■ Data shown
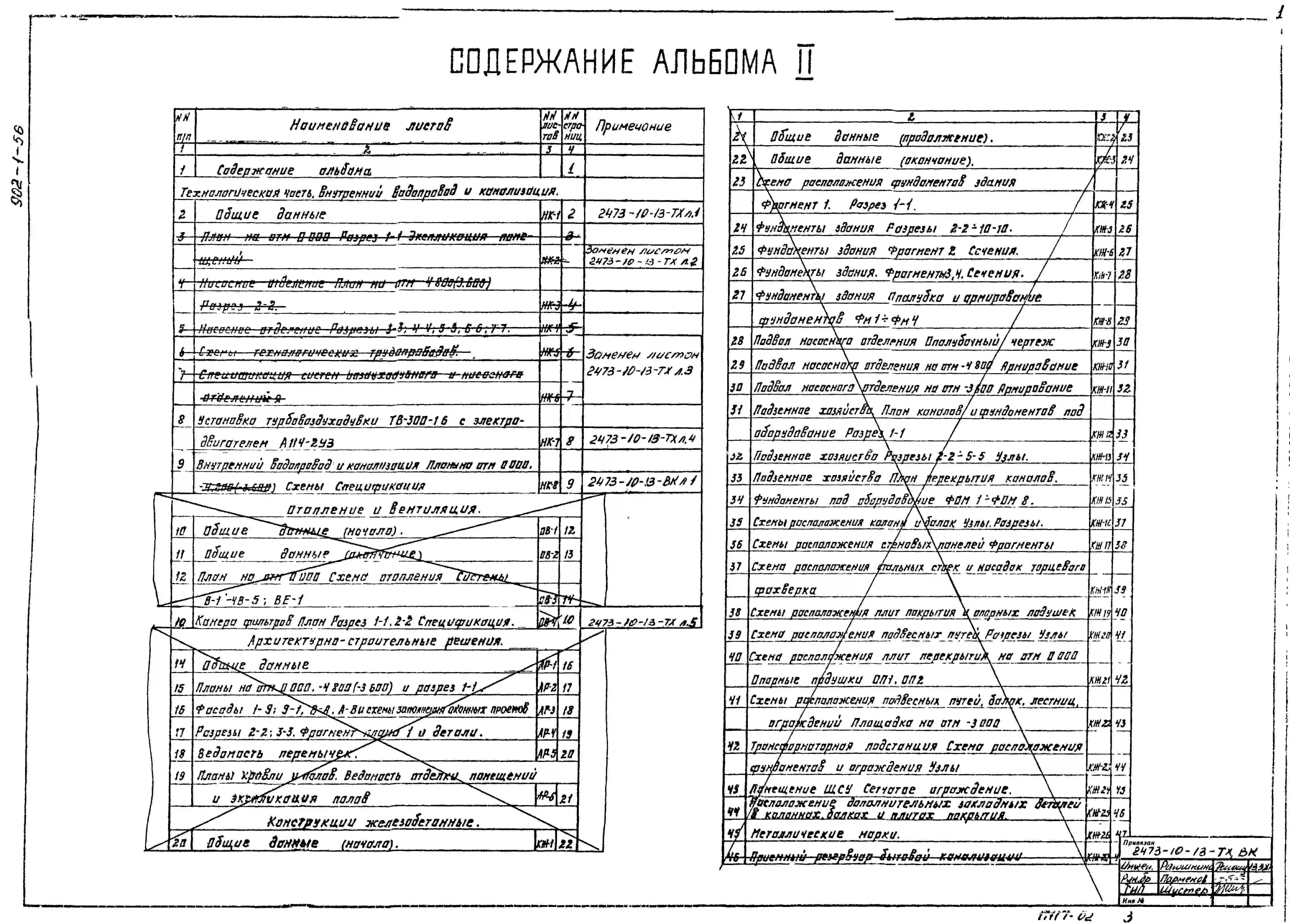 Типовой проект 902-1-56 Насосно-воздуходувная станция с 6 турбовоздуходувками ТВ-300-1,6
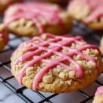 These Strawberry Crunch Cookies combine tender, buttery dough with a delightful topping of freeze-dried strawberries and crushed vanilla wafers. Finished with a sweet pink glaze, they make for a charming treat that’s perfect for sharing or enjoying as a special snack.
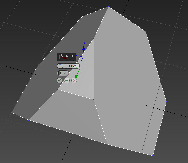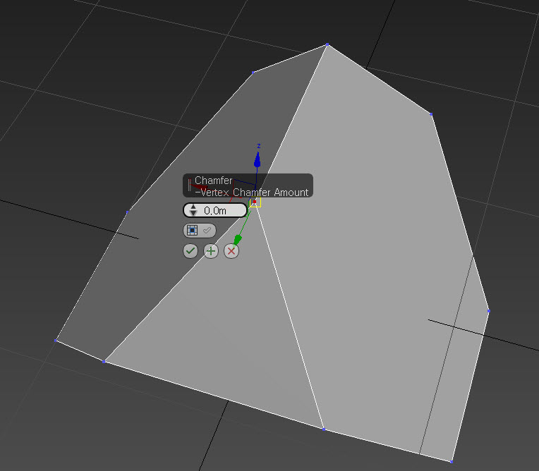 3)폴리곤 오브젝트로 변환하고 버텍스를 선택한후 chamfer를 사용해서 바위의 침식을 표현합니다.
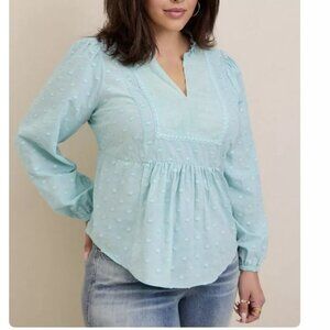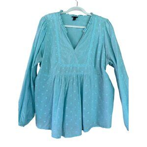 Torrid Light Blue Eyelet Clip Dot Long Sleeve Cotton Top Blouse Womens Size 2X
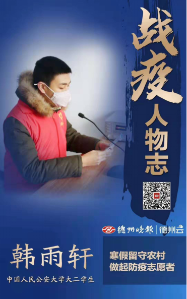 2020年春节临近,全国新冠肺炎疫情日渐严峻,此时,韩雨轩与父母回到家乡过春节。腊月二十八,疫情防控阻击战在全国打响,举国上下众志成城,共度时艰。韩雨轩非常关注疫情发展,尤其是看到在全国防疫战线上涌现出来的医护人员、工人、军人等党员干部不畏艰险、勇于奉献的英雄事迹时,作为入党积极分子的他深深地感动了,所以当父母因工作需要赶回德州时,韩雨轩毅然留在农村老家,他要用自己的实际行动践行“共和国预备警官”的责任和担当。
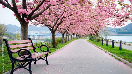 Serene Cherry Blossom Path Park Bench Spring Scenery
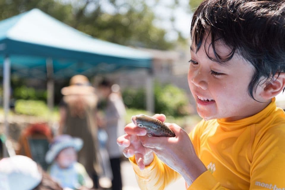 こわがっているのは最初だけ、誰もが夢中になってお魚を追い回します。捕まえたあまごは、塩焼きにして美味しくいただきます!
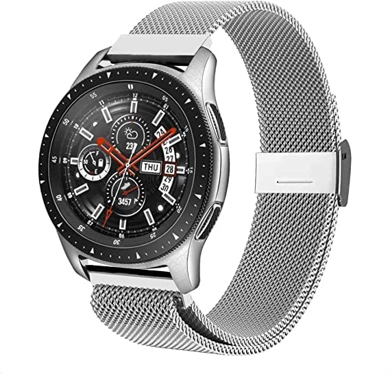 Prolet Metal Magnetic Clasp 20MM Strap Compatible with Amazfit GTS 2 Mini, Amazfit Bip, Amazfit GTS, Samsung Galaxy Watch & Watches with Lug Size 20mm Only, Mesh Loop Strap (Silver)
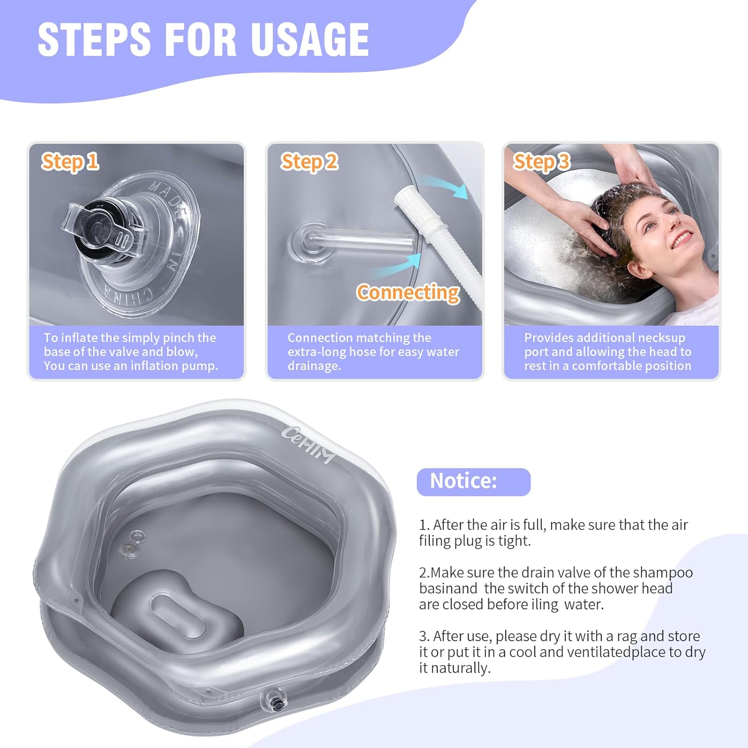 - Lightweight & Versatile Use:At just 1.1 lbs, this inflatable hair basin sets up in 3 minutes (blow up by mouth or pump). Use it on beds, couches, wheelchairs, or even camping trips—no need for a bathroom. The anti-slip base stays put, so you can focus on washing, not chasing spills.(This set does not include an inflation pump.)
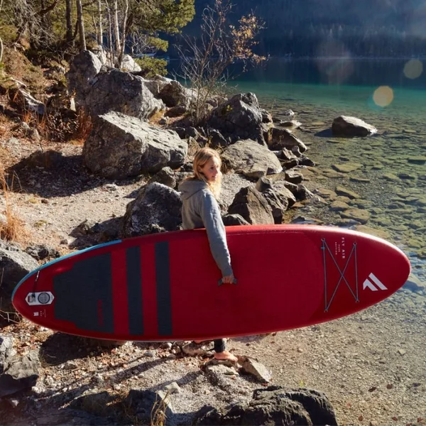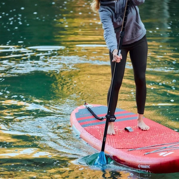 La longueur de la planche de stand up paddle aura un impact sur sa glisse/vitesse et sur les virages. A l’inverse, une planche plus longue sera un peu plus stable du fait que le volume global est plus important, cependant la largeur aura plus d’impact sur la stabilité du stand up paddle. La largeur donc détermine la stabilité de la board. Cependant, d’un point de vue performance, une planche plus large perdra à la fois en prise de vitesse et en aisance pour tourner c’est pour cela que le SUP gonflable Fanatic fly air 10.8 a été créé avec une largeur de 33″ (84 cm).
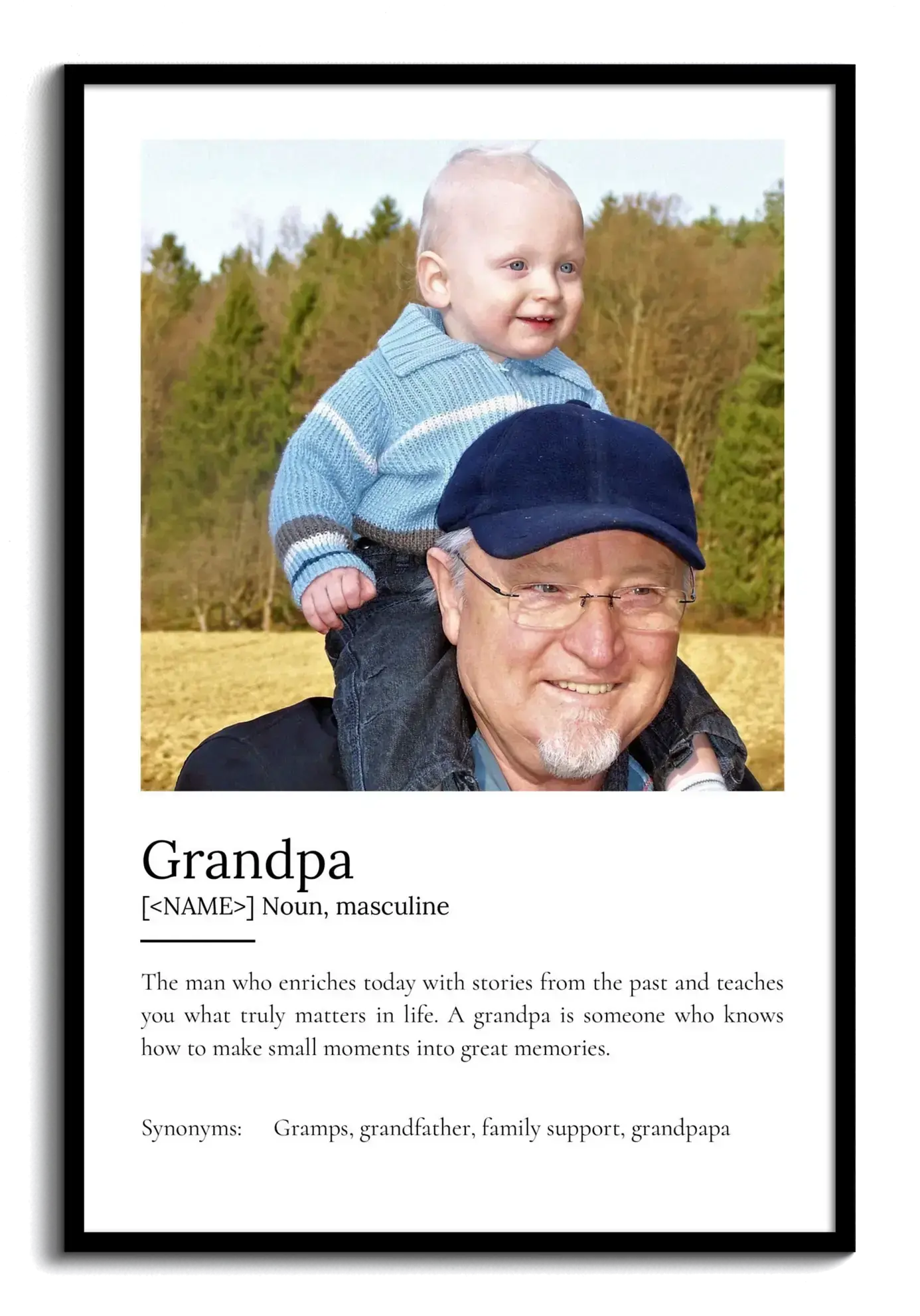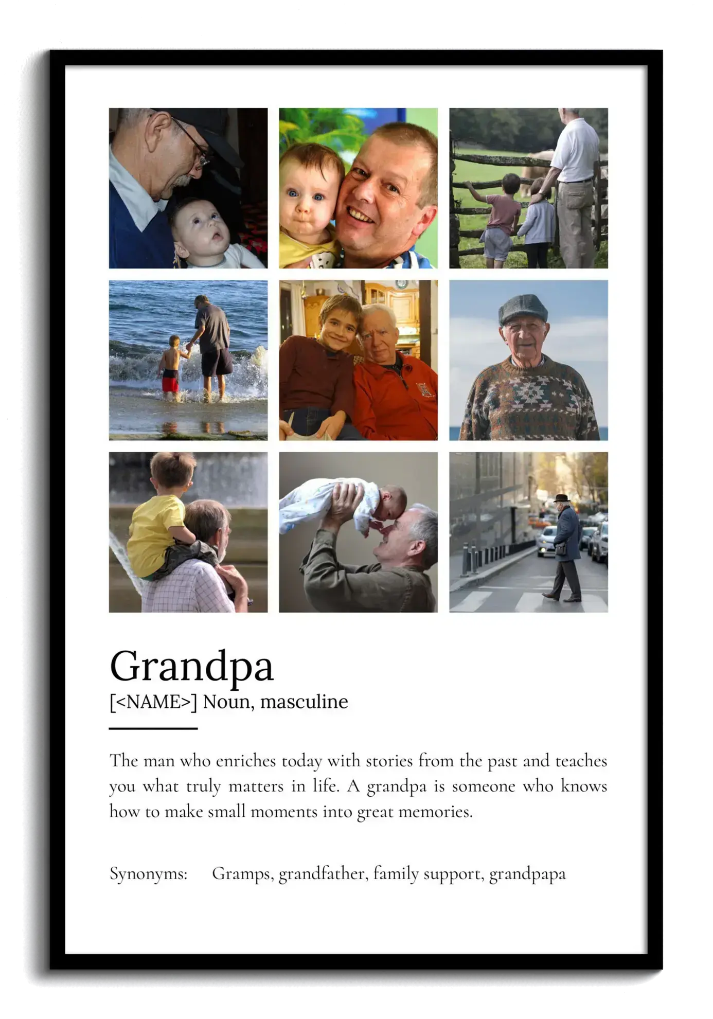 Create a heartfelt memento for your grandpa with our customizable Definitions-Poster 'Grandpa' in the iconic dictionary style. Designed as a personalized gift, this poster features space for your own photo, with room for up to nine images. Add a loving touch with a predefined definition that captures the essence of a grandpa - "The man who enriches today with stories from the past and teaches you what truly matters in life. A grandpa knows how to make big memories out of little moments." Customize the text, color, photos, and layout to make it truly unique.
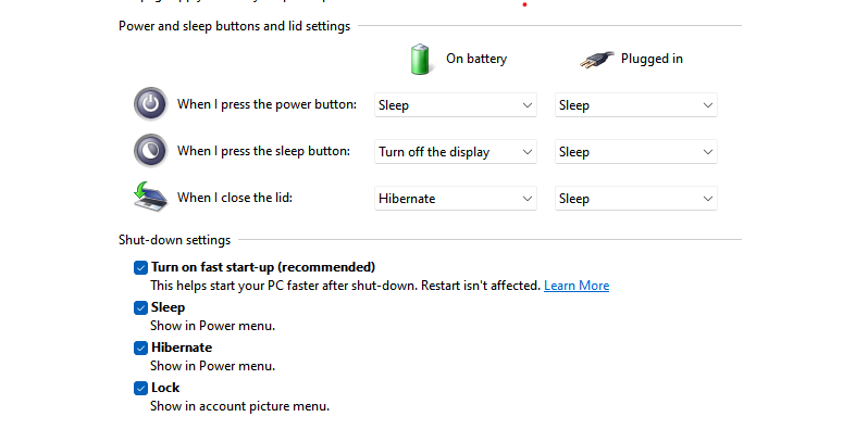 Select Choose what the power buttons do from the left sidebar. Click on Change settings that are currently unavailable at the top of the window.
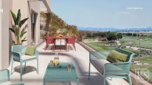 Keystyle Properties welcomes you to El Valle Residences #5, a modern ground-floor apartment located frontline to the golf course within the prestigious El Valle Golf Resort in Murcia. This beautifully designed home combines contemporary Mediterranean architecture with high-quality finishes, generous outdoor space, and abundant natural light, creating an ideal property for permanent living, a holiday home, or a smart investment.
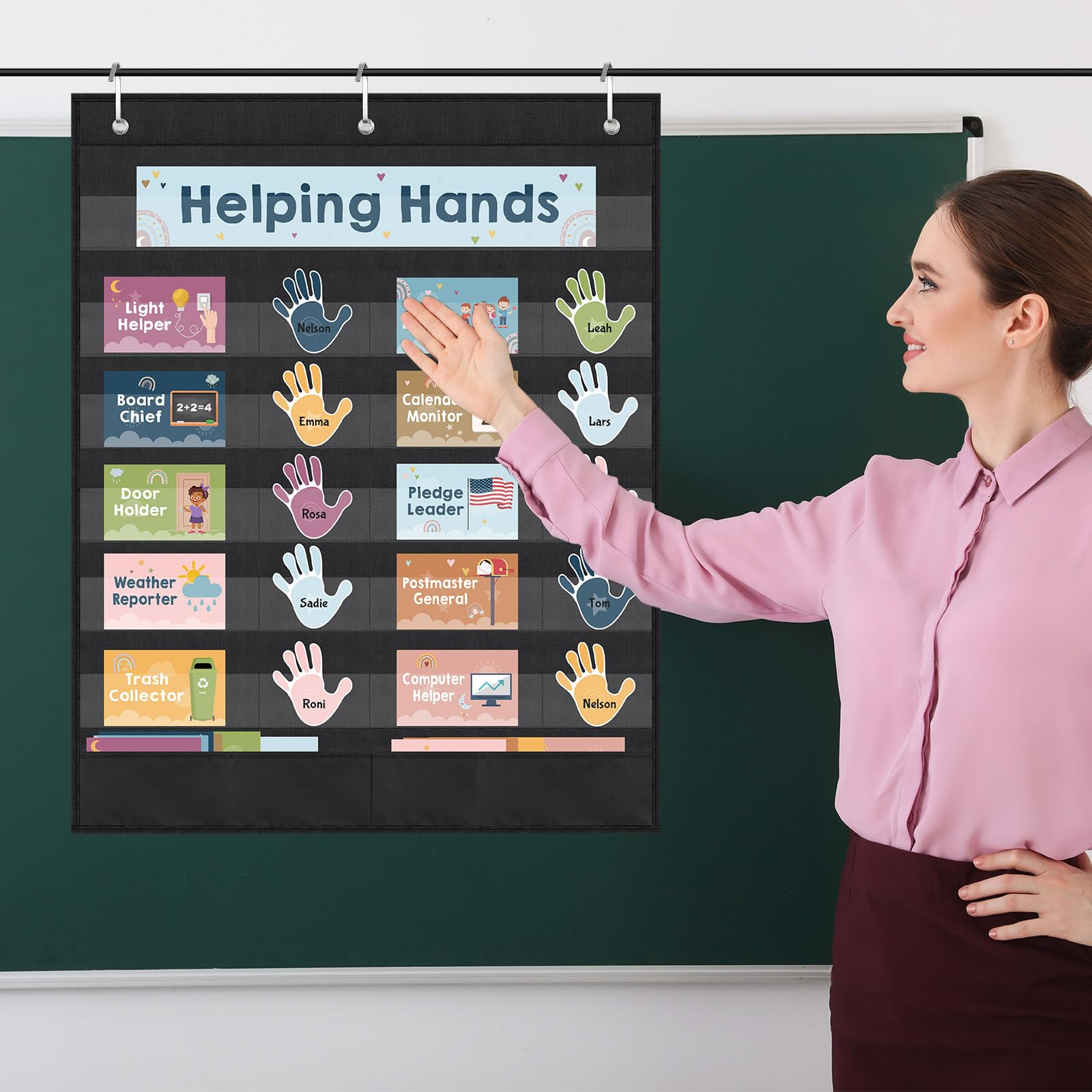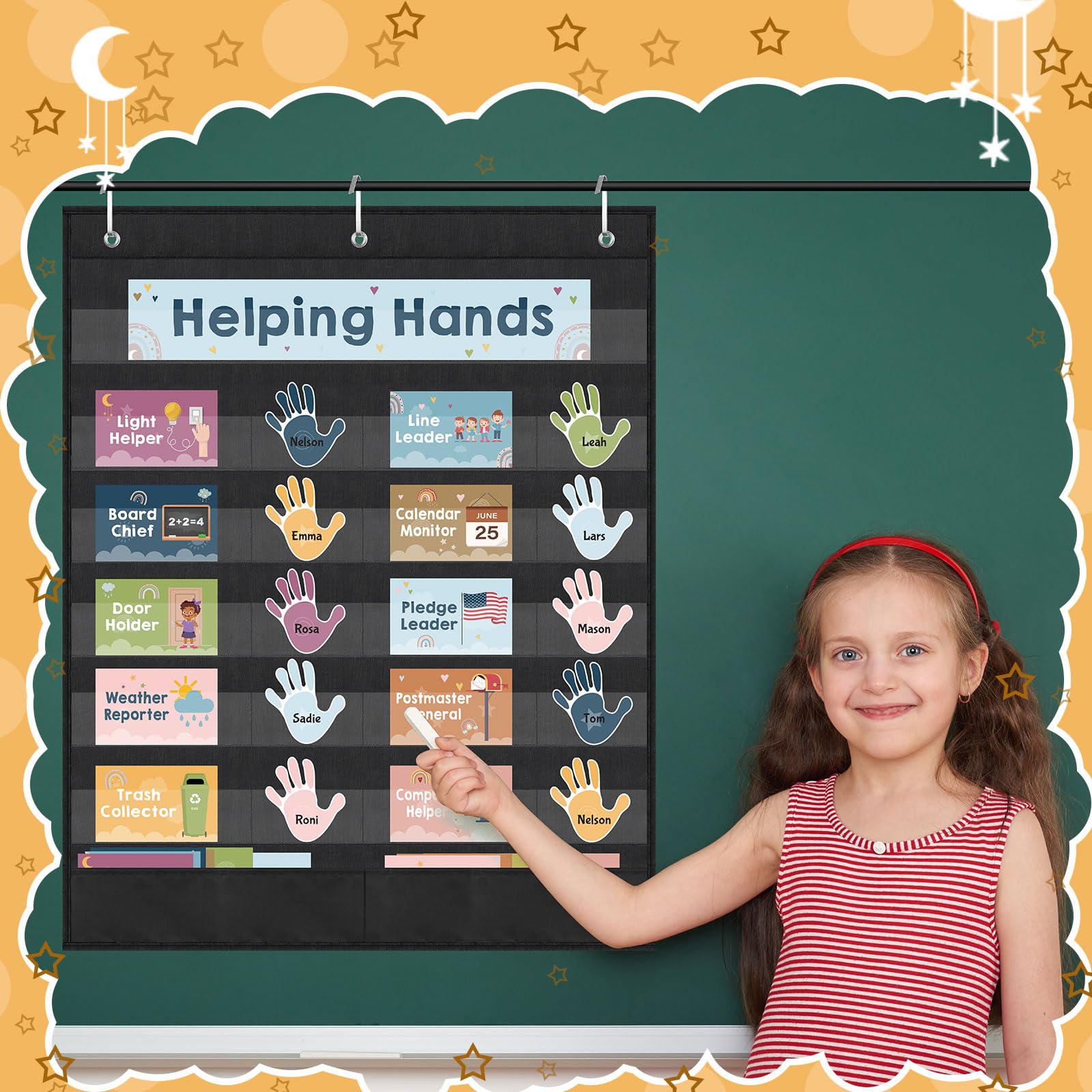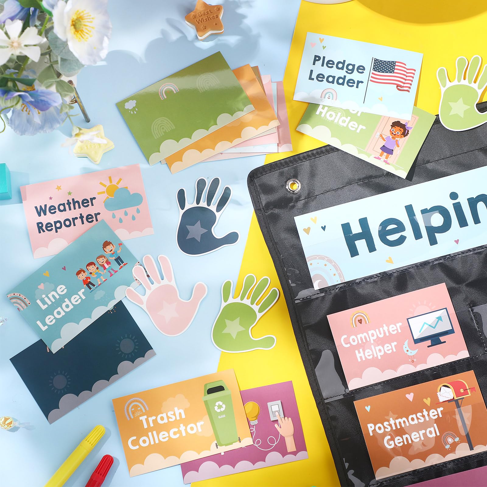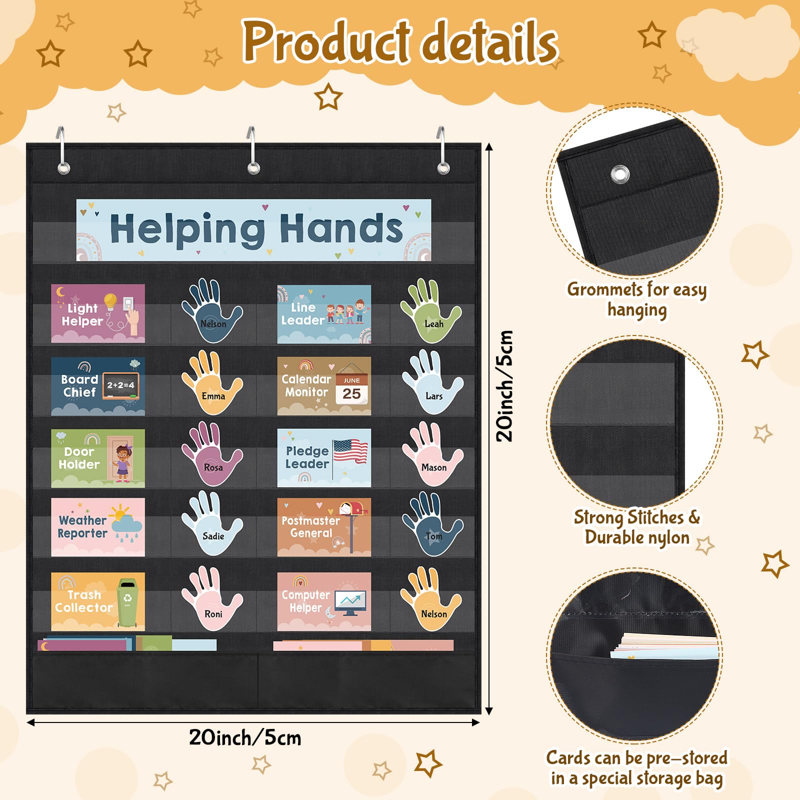 - Classroom Pockets Chart Set: you will receive 65 pocket chart supplies, including 1 helping hands pocket chart, 3 hooks, and 62 classroom jobs cards; Sufficient quantity to meet your diverse classroom activity needs, practical work cards and palm cards ideal for school and home use

■ What to do
Using the material above, transcribe exactly the lines from the one holding "These Strawberry Crunch" to the one holding "La longueur de", both ends kept. Do not carry over any pictures.

■ Output
 These Strawberry Crunch Cookies combine tender, buttery dough with a delightful topping of freeze-dried strawberries and crushed vanilla wafers. Finished with a sweet pink glaze, they make for a charming treat that’s perfect for sharing or enjoying as a special snack.
 3)폴리곤 오브젝트로 변환하고 버텍스를 선택한후 chamfer를 사용해서 바위의 침식을 표현합니다.
 Torrid Light Blue Eyelet Clip Dot Long Sleeve Cotton Top Blouse Womens Size 2X
 2020年春节临近,全国新冠肺炎疫情日渐严峻,此时,韩雨轩与父母回到家乡过春节。腊月二十八,疫情防控阻击战在全国打响,举国上下众志成城,共度时艰。韩雨轩非常关注疫情发展,尤其是看到在全国防疫战线上涌现出来的医护人员、工人、军人等党员干部不畏艰险、勇于奉献的英雄事迹时,作为入党积极分子的他深深地感动了,所以当父母因工作需要赶回德州时,韩雨轩毅然留在农村老家,他要用自己的实际行动践行“共和国预备警官”的责任和担当。
 Serene Cherry Blossom Path Park Bench Spring Scenery
 こわがっているのは最初だけ、誰もが夢中になってお魚を追い回します。捕まえたあまごは、塩焼きにして美味しくいただきます!
 Prolet Metal Magnetic Clasp 20MM Strap Compatible with Amazfit GTS 2 Mini, Amazfit Bip, Amazfit GTS, Samsung Galaxy Watch & Watches with Lug Size 20mm Only, Mesh Loop Strap (Silver)
 - Lightweight & Versatile Use:At just 1.1 lbs, this inflatable hair basin sets up in 3 minutes (blow up by mouth or pump). Use it on beds, couches, wheelchairs, or even camping trips—no need for a bathroom. The anti-slip base stays put, so you can focus on washing, not chasing spills.(This set does not include an inflation pump.)
 La longueur de la planche de stand up paddle aura un impact sur sa glisse/vitesse et sur les virages. A l’inverse, une planche plus longue sera un peu plus stable du fait que le volume global est plus important, cependant la largeur aura plus d’impact sur la stabilité du stand up paddle. La largeur donc détermine la stabilité de la board. Cependant, d’un point de vue performance, une planche plus large perdra à la fois en prise de vitesse et en aisance pour tourner c’est pour cela que le SUP gonflable Fanatic fly air 10.8 a été créé avec une largeur de 33″ (84 cm).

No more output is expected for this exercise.